Pemerhati sawit dari DPP APKASINDO, Dermawan Harry Oetomo, mendorong agar gagasan pembentukan bursa tersebut segera direalisasikan. Menurutnya, kepastian mekanisme harga penting untuk memperkuat posisi tawar petani, khususnya petani swadaya.
Selama mekanisme pembentukan harga belum sepenuhnya transparan, petani berisiko memiliki posisi tawar yang lebih lemah dalam rantai perdagangan sawit.
Evaluasi terhadap mekanisme perdagangan dan pembentukan harga CPO juga dinilai perlu dilakukan. Salah satu yang menjadi perhatian adalah mekanisme tender di Kantor Pemasaran Bersama Nusantara (KPBN).
Sistem perdagangan yang ada perlu terus dievaluasi agar harga yang terbentuk mampu mencerminkan kondisi pasar secara lebih objektif. Perbandingan dengan negara produsen sawit lain, termasuk Malaysia, juga dapat menjadi salah satu bahan evaluasi bagi Indonesia.

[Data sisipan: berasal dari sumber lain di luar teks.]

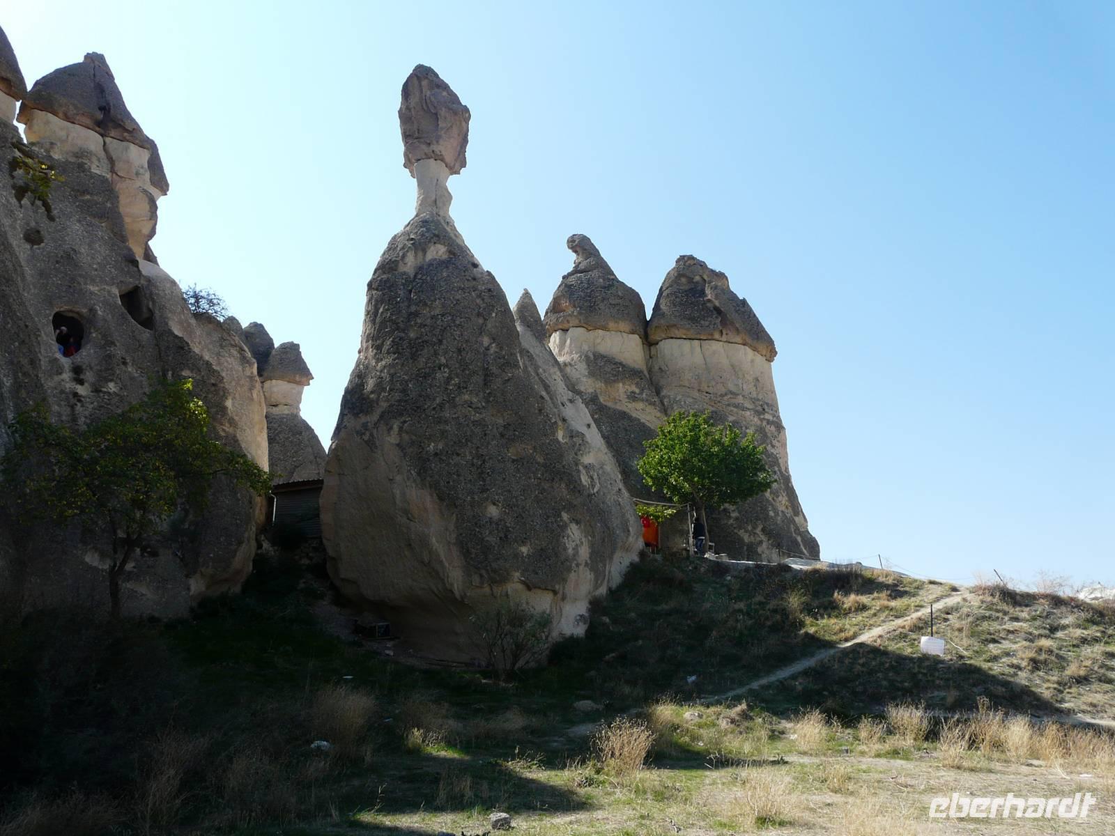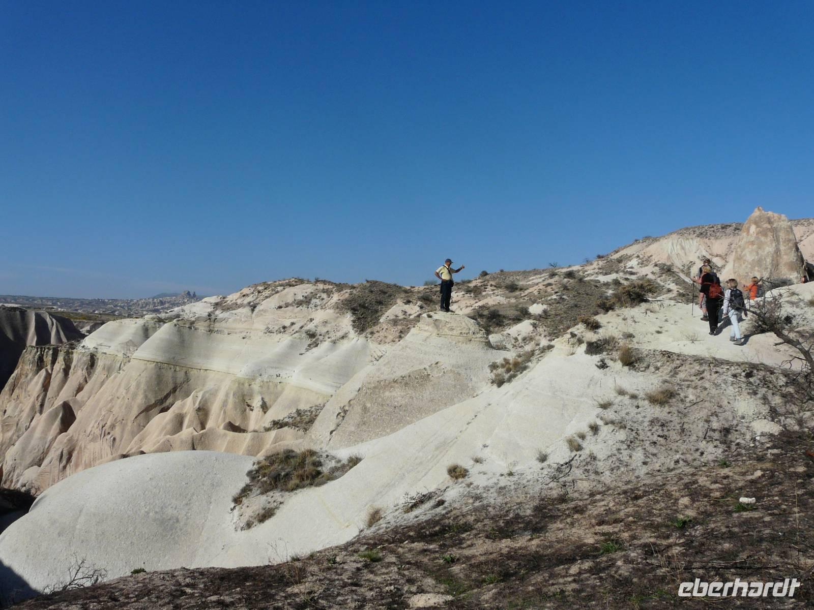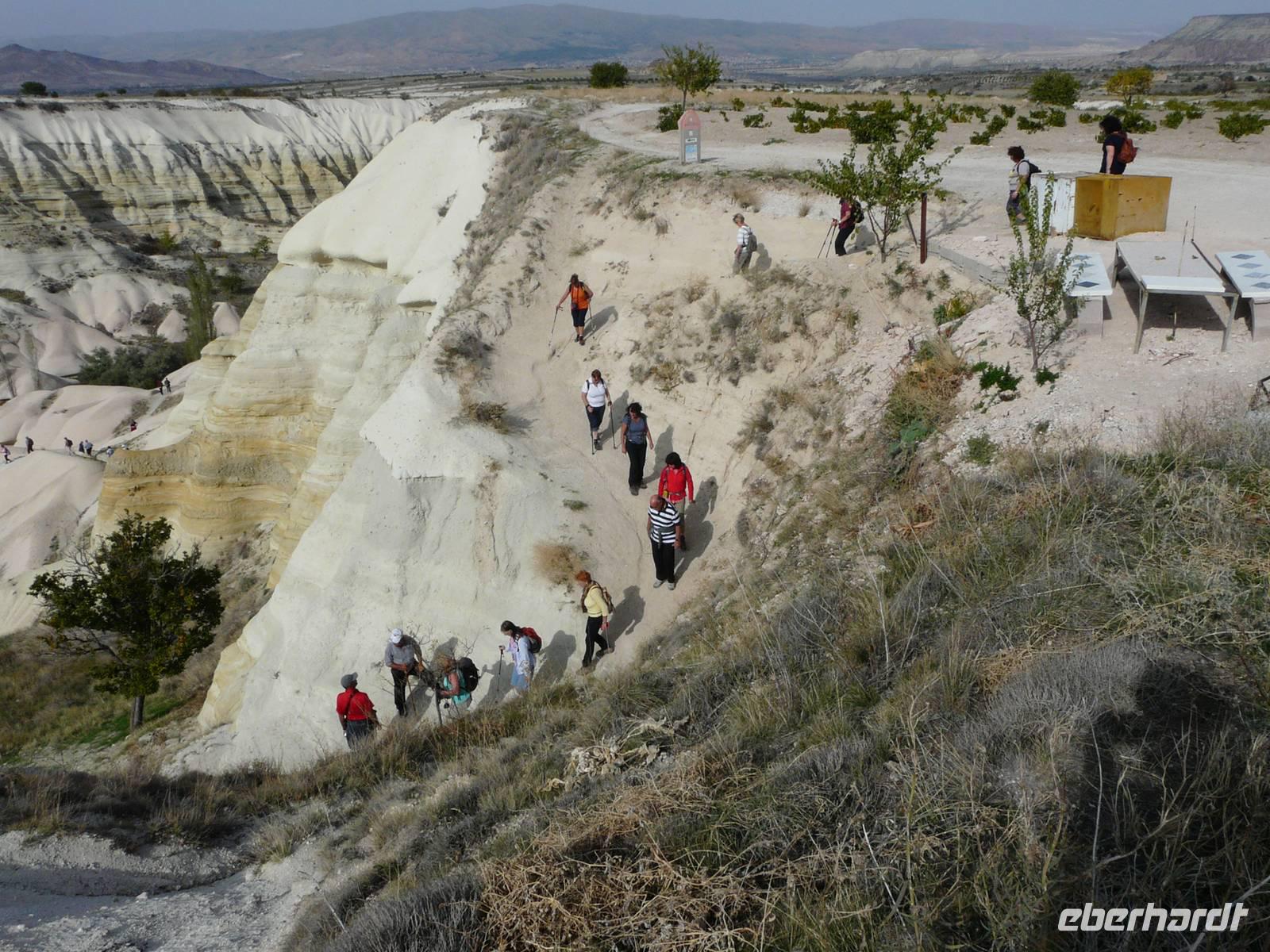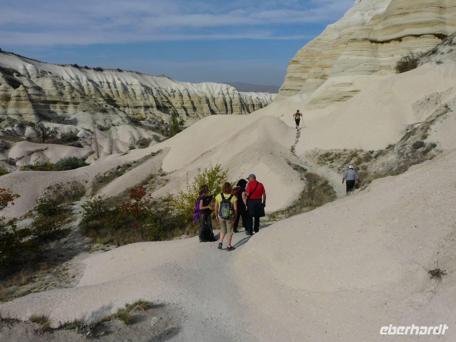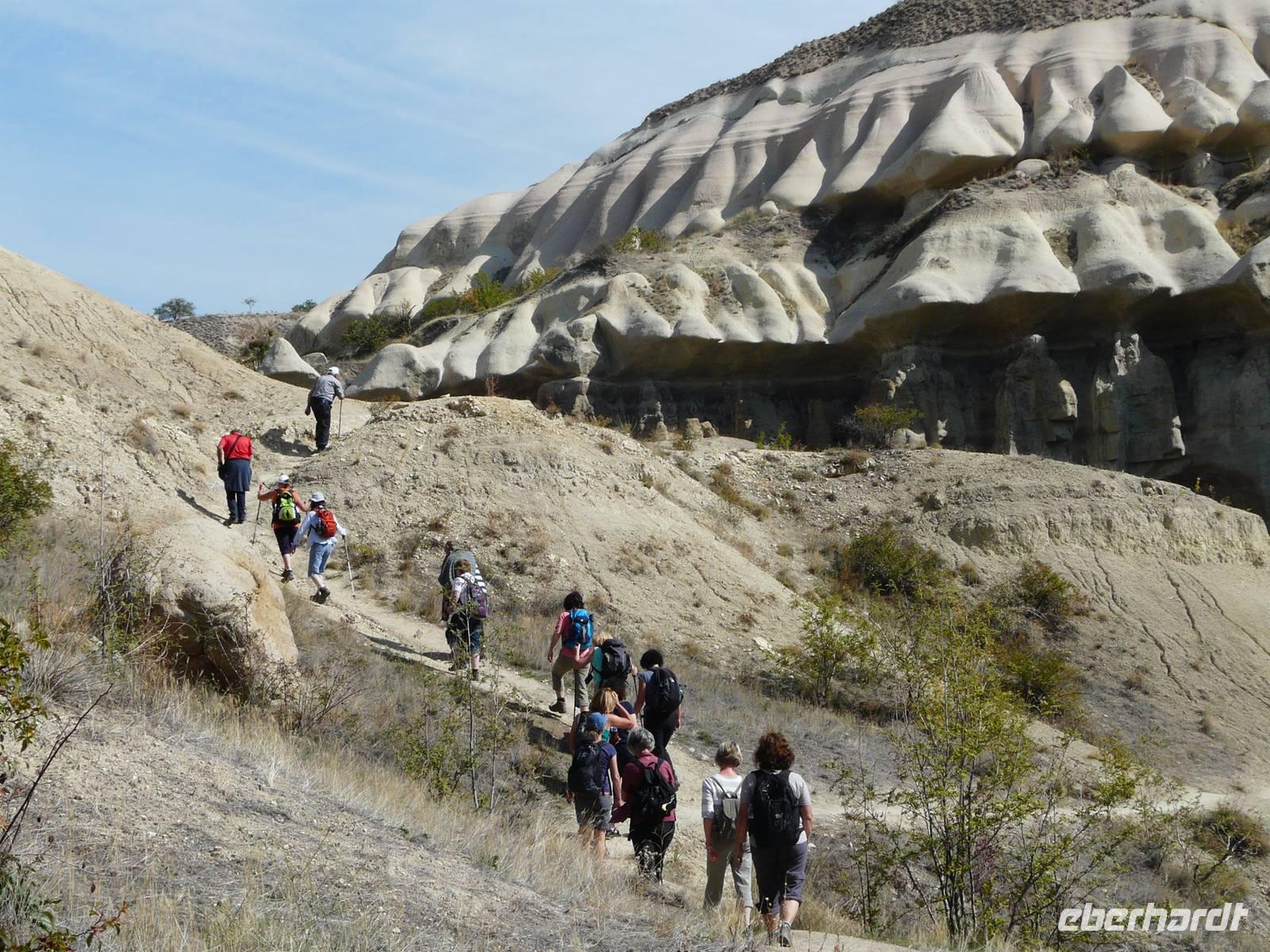 Der Nachmittag hält die nächste Wanderung für uns bereit - das Liebestal oder auch Bagli Dere Tal. Erneut steigen wir anfangs abenteuerlich bergab und wahrscheinlich freut sich jeder, ordentliches Profil unter den Schuhen zu haben. Wir lassen uns anfangs etwas mehr Zeit, lassen die Natur auf uns wirken und vor allem zwei andere Gruppen vorlaufen - so haben wir unsere Ruhe. Ismael geht vor, während Hasan um unser leibliches Wohl besorgt zu sein scheint, holt er doch aus allen Ecken frische Weintrauben zum Kosten. Warum das Tal nun seinen Namen trägt erfahren wir wenig später. Wir sehen nicht mehr nur die typischen Feenkamine, sondern auch Felsen, die aussehen wir riesige Phallusse. Dass der Fotostopp hier etwas länger dauert, erklärt sich von selbst. Der Weg schlängelt sich nun so langsam wieder aus dem Tal heraus, der Boden wird immer sandiger. An der Straße sehen wir dann auch schon „unseren" Bus mit Fahrer Ogus, der auch in den nächsten Tagen zuverlässig und immer zur Stelle sein wird. Nach einem langen und beeindruckenden Tag fahren wir dann auch so langsam wieder ins Hotel.

Dengan mekanisme harga yang lebih terbuka, perubahan harga di pasar diharapkan dapat diteruskan secara lebih proporsional hingga ke tingkat petani.
Kondisi tersebut pada akhirnya dapat memberikan kepastian yang lebih baik bagi petani dalam mengelola kebun, menghitung biaya produksi, serta menentukan investasi untuk meningkatkan produktivitas.
Kenaikan harga TBS hingga Rp3.000-an per kilogram di Aceh Barat menjadi momentum positif bagi petani. Namun, tantangan berikutnya adalah menjaga agar keuntungan tersebut tidak hanya bersifat sementara.
Dukungan pemerintah daerah melalui pemantauan harga dan pendampingan petani perlu berjalan beriringan dengan pembenahan sistem perdagangan sawit di tingkat nasional.
Jika transparansi harga CPO semakin kuat dan posisi tawar petani meningkat, kenaikan harga di tingkat pasar diharapkan dapat memberikan manfaat yang lebih besar bagi perkebunan rakyat.
Dengan sinergi antara pemerintah, petani, dan pelaku industri, sektor sawit Aceh Barat berpeluang terus menjadi salah satu penggerak ekonomi daerah sekaligus meningkatkan kesejahteraan masyarakat yang menggantungkan hidup pada komoditas tersebut.